A Tobramycin Sulfate supplier is an individual or a company that provides Tobramycin Sulfate active pharmaceutical ingredient (API) or Tobramycin Sulfate finished formulations upon request. The Tobramycin Sulfate suppliers may include Tobramycin Sulfate API manufacturers, exporters, distributors and traders.
click here to find a list of Tobramycin Sulfate suppliers with USDMF, JDMF, KDMF, CEP, GMP, COA and API Price related information on PharmaCompass.
A Tobramycin Sulfate DMF (Drug Master File) is a document detailing the whole manufacturing process of Tobramycin Sulfate active pharmaceutical ingredient (API) in detail. Different forms of Tobramycin Sulfate DMFs exist exist since differing nations have different regulations, such as Tobramycin Sulfate USDMF, ASMF (EDMF), JDMF, CDMF, etc.

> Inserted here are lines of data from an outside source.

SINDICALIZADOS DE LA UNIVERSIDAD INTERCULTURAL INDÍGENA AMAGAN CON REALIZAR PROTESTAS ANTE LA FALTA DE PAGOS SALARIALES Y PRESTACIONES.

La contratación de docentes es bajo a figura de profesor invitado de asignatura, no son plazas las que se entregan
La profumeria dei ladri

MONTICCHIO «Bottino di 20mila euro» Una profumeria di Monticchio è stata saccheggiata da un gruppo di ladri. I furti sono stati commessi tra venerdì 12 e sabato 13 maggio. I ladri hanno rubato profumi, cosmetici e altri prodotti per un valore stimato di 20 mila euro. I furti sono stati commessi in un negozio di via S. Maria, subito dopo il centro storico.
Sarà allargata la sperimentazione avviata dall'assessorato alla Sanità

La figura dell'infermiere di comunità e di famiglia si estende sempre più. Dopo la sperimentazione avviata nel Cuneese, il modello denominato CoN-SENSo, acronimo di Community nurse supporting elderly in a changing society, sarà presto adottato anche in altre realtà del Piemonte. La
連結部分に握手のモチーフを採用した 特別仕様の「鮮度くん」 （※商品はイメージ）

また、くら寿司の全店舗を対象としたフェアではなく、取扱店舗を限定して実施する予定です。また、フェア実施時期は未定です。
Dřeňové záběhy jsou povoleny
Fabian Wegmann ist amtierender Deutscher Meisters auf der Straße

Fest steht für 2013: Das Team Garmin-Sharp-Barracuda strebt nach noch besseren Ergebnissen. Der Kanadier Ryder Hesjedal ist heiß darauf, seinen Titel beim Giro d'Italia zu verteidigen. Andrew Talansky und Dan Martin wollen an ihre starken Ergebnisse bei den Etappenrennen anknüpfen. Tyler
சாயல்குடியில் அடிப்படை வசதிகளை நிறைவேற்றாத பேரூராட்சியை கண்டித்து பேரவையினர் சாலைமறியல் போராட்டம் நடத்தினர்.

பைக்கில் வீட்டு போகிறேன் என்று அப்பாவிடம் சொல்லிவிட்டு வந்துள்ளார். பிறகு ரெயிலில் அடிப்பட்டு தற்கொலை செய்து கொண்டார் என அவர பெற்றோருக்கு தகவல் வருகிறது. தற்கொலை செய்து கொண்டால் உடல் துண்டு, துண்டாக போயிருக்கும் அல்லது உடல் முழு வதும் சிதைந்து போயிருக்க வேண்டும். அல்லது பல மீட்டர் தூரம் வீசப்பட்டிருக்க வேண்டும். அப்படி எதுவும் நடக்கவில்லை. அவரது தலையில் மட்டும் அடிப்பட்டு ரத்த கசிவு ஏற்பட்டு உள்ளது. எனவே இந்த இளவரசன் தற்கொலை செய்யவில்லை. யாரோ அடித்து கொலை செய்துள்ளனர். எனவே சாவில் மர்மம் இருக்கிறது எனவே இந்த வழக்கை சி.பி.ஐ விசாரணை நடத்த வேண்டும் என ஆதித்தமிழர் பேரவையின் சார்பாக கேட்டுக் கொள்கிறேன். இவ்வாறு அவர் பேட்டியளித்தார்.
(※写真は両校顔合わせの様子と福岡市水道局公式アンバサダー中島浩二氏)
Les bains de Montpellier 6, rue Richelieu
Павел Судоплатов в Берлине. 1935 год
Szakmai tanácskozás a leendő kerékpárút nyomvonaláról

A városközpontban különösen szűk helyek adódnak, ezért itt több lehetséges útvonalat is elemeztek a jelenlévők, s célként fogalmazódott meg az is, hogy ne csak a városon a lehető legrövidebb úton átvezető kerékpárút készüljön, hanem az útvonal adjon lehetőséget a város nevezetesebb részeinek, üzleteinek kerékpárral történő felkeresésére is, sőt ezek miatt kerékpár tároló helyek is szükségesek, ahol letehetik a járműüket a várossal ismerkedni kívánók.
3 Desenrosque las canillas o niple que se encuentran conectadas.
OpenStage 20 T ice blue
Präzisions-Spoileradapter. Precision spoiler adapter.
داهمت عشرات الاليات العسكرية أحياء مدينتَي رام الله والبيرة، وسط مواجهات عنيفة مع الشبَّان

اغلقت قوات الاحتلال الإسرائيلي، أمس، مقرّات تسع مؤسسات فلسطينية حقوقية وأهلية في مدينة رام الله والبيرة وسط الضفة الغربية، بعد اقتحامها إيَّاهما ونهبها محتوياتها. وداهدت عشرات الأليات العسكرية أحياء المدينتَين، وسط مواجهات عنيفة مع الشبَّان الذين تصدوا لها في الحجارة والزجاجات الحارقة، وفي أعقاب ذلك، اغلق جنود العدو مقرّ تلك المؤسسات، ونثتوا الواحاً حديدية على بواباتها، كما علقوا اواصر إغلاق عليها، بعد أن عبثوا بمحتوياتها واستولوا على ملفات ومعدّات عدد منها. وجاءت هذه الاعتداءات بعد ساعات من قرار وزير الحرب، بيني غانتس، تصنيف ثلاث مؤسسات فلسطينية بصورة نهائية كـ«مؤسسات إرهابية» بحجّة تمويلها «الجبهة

A Tobramycin Sulfate DMF submitted to regulatory agencies in the US is known as a USDMF. Tobramycin Sulfate USDMF includes data on Tobramycin Sulfate's chemical properties, information on the facilities and procedures used, and details about packaging and storage. The Tobramycin Sulfate USDMF is kept confidential to protect the manufacturer’s intellectual property.
click here to find a list of Tobramycin Sulfate suppliers with USDMF on PharmaCompass.

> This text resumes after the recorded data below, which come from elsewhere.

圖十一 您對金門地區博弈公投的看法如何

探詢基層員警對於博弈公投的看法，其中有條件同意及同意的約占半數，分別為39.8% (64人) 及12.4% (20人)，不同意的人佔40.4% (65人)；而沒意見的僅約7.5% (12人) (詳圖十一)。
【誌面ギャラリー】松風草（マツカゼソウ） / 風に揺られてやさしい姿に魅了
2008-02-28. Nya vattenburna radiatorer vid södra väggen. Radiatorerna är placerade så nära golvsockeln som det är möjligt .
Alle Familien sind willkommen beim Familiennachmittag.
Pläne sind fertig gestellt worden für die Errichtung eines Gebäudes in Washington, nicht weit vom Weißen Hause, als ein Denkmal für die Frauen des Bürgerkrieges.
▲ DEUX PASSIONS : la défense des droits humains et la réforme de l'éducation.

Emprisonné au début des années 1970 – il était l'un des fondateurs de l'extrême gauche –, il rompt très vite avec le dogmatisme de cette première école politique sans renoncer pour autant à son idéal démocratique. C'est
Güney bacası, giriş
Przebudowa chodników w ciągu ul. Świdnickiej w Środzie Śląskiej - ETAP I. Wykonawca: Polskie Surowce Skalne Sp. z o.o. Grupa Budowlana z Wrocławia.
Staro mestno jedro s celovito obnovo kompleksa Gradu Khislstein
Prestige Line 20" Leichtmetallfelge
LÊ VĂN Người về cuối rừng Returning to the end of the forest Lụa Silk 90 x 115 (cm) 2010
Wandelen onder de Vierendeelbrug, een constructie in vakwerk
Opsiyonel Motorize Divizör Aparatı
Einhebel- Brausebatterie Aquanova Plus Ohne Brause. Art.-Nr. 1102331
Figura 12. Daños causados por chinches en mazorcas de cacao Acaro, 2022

The Pharmaceuticals and Medical Devices Agency (PMDA) established the Japan Drug Master File (JDMF), also known as the Master File (MF), to permit Japanese and foreign manufacturers of drug substances, intermediates, excipients, raw materials, and packaging materials (‘Products’) to voluntarily register confidential information about the production and management of their products in Japan.
The Tobramycin Sulfate Drug Master File in Japan (Tobramycin Sulfate JDMF) empowers Tobramycin Sulfate API manufacturers to present comprehensive information (e.g., production methods, data, etc.) to the review authority, i.e., PMDA (Pharmaceuticals & Medical Devices Agency).
PMDA reviews the Tobramycin Sulfate JDMF during the approval evaluation for pharmaceutical products. At the time of Tobramycin Sulfate JDMF registration, PMDA checks if the format is accurate, if the necessary items have been included (application), and if data has been attached.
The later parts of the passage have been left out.